Dolci suggests tnat these problems may be solved by bringing a higher level of understanding to the people through supervised group conversations (examples of which are recorded in the book). These discussions will provide the people with a desire to change their situation and the technical knowledge necessary. The theory will be put to practice in cooperative work sessions, called “reverse” strikes, because workers will not be paid.

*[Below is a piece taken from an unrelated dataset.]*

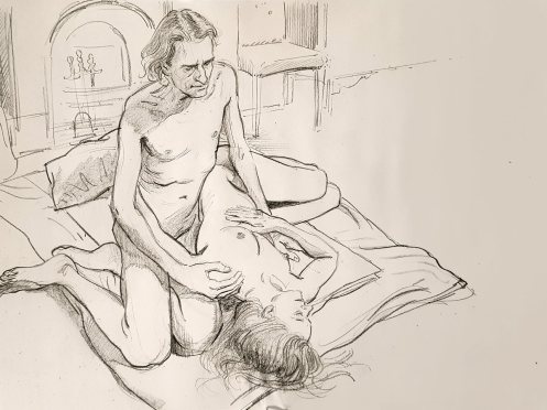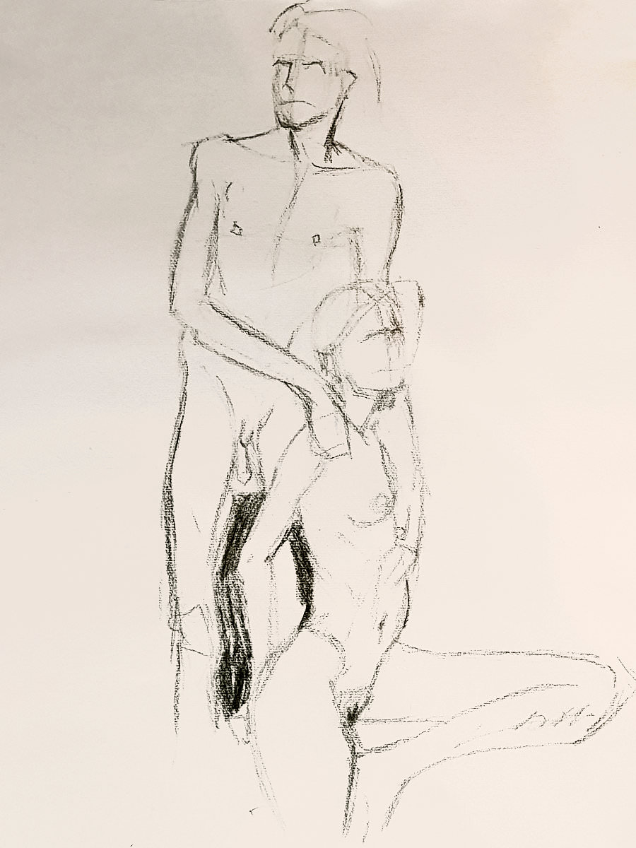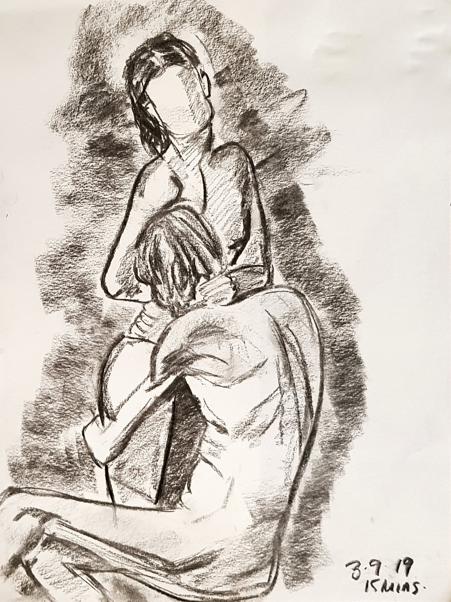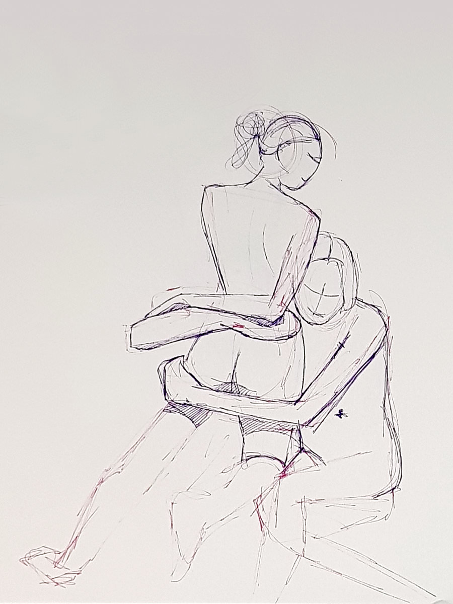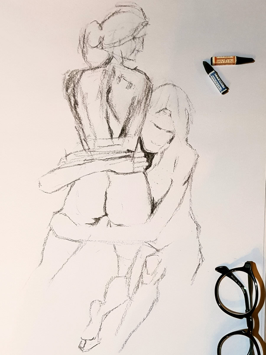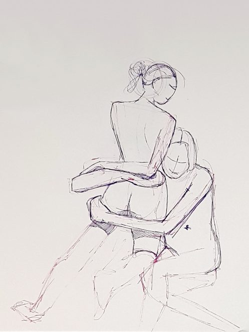 I cannot recall when I last forgot to remove my glasses – maybe this was the first time ever. It’s symptomatic of a duo modelling pitfall, however; mindfulness of one’s partner but not of oneself. I was surprised no-one said anything it. Perhaps like me, the artists were too engrossed in the poses.

The weakness of Waste is not in the description, which convinces one of the difficulty of the conditions confronting Western Sicily, but in the solution Dolci advances. Dolci seems willing to believe that the political corruption tradition in Sicily is also permanent. He rejects the path of unionizing the agricultural workers, apparently because previous trade unions have been unsuccessful in organizing the farmers, rather than because the Mafia has been successful in terrorizing those who might join it.
Unpaid employment can hardly be a long term solution for Sicily. What finally will stem the rule-by-assassination of the Mafia? What type of political party ultimately will guide Sicily to an advanced and equalitarian society? Dolci’s penetrating presentation of Sicily’s dilemma prompts one to raise many questions that Dolci, himself, does not answer.